The template uses KillSignal=SIGINT and TimeoutStopSec=120 so the worker has time to finish its in-flight run before systemd escalates.

launchd (macOS)

cp templates/launchd-com.marolence.pipedai-worker.plist \
   ~/Library/LaunchAgents/com.marolence.pipedai-worker.plist
$EDITOR ~/Library/LaunchAgents/com.marolence.pipedai-worker.plist  # set AUTH_MODE / ANTHROPIC_API_KEY
launchctl load -w ~/Library/LaunchAgents/com.marolence.pipedai-worker.plist
launchctl list | grep pipedai-worker
tail -f /tmp/pipedai-worker.out.log

nssm (Windows)

choco install nssm
copy templates\windows-nssm-install.bat .
notepad windows-nssm-install.bat   :: edit AUTH_MODE / paths
:: Open an Administrator command prompt and run:
windows-nssm-install.bat
nssm start PipedAIWorker

Docker / docker-compose

cp templates/Dockerfile templates/docker-compose.yml ./
ANTHROPIC_API_KEY=sk-... docker compose up -d
docker compose logs -f pipedai-worker

The compose file bind-mounts ~/.pipedai so the container reads the host's worker.json — register on the host first with pipedai-worker register --token=… --api-url=… before bringing the container up.

npm Scripts

| Script | Purpose | |---|---| | npm run dev | Run the CLI directly via tsx (no build). Useful for npx tsx src/cli.ts <subcommand>. | | npm run build | tsup bundle to dist/cli.js. | | npm start | node dist/cli.js.

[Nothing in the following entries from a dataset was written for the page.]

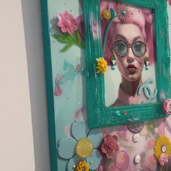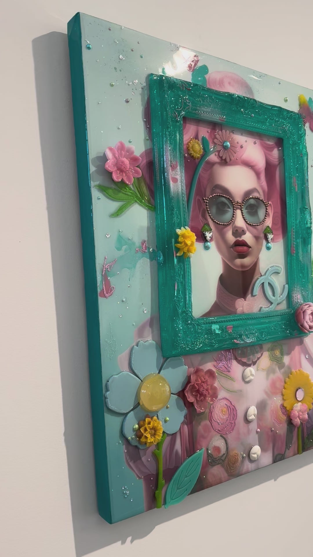 Amy Shekhter is a multi-disciplinary artist living in Florida. She spent the first 20 years of her life growing up in Alaska, which has many months of cold and darkness. This inspired her to use unconventional materials to create a space indoors filled with colorful art and interesting designs. After moving to Florida, she earned her Masters Degree in Art Education, and spent 8 years teaching public and private school students about art. Having missed the time to create her own work, she decided quit teaching to follow her passion and became a full-time artist. Guided by her fascination with different cultures, communities, and fashion, Shekhter merges digital design with various materials and textures. Layers of media, such as resin castings, plexiglass, beads and glass are carefully placed to give each artwork a three-dimensional appearance. Each figure is imagined from a distant memory or dream and inspired by the beauty of nature and growth, giving the viewer a sense of joy and wonder while also having them construct their own connection from the various visual elements.
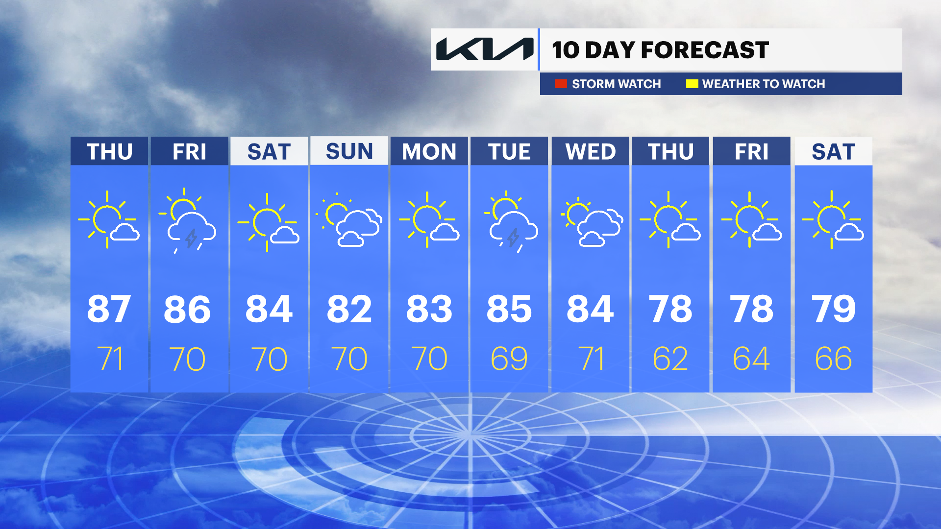 SUNDAY: Mostly sunny and nice. Highs near 82. Lows near 70.
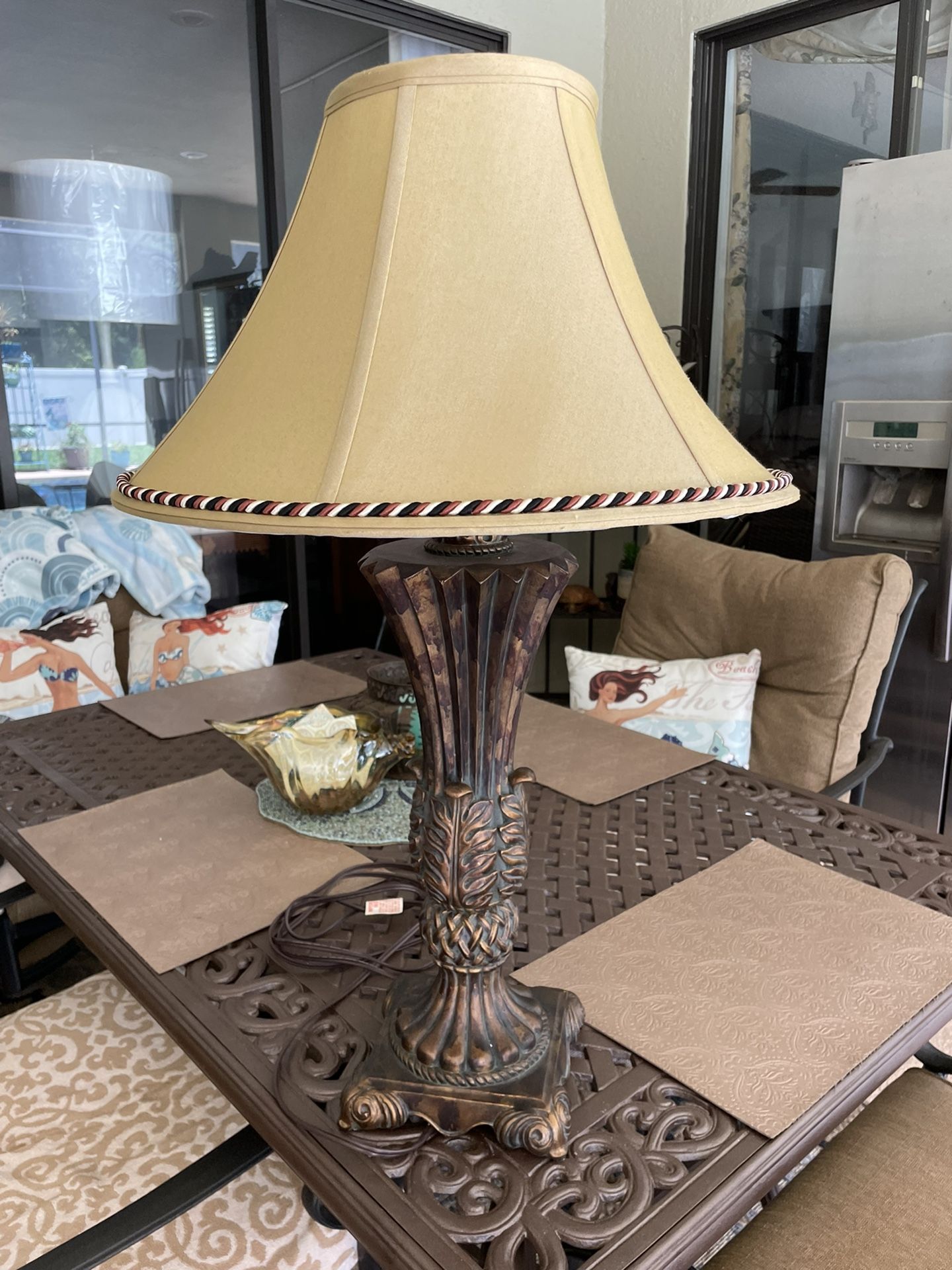 Very nice, sturdy lamp. It is not ceramic, perhaps resin? But it is nice and solid. Beautiful lamp shade. 31 inches tall, from bottom to the very top of the shade. Pick-up only in Mulberry, at Imperial Lakes Publix, or downtown Lakeland.

Equivalent to running the bin. | | npm run type-check | tsc --noEmit. | | npm run lint | ESLint over src/. | | npm run format | Prettier write-in-place. | | npm test | Run the Vitest suite once. | | npm run test:watch | Vitest watch mode. |

Multi-Repo Workflow

Phases, tasks, and tickets live in the Marolence Developer Portal MCP, not in this repo. There is no PLAN.md. See CLAUDE.md (managed centrally — don't hand-edit) for how to find your work, propose scope changes, and follow the commit conventions that drive task attribution and billing.

When a task spans repos, navigate to ../pipedai-api or ../pipedai-website and make changes there directly — they're sibling clones in the same parent directory.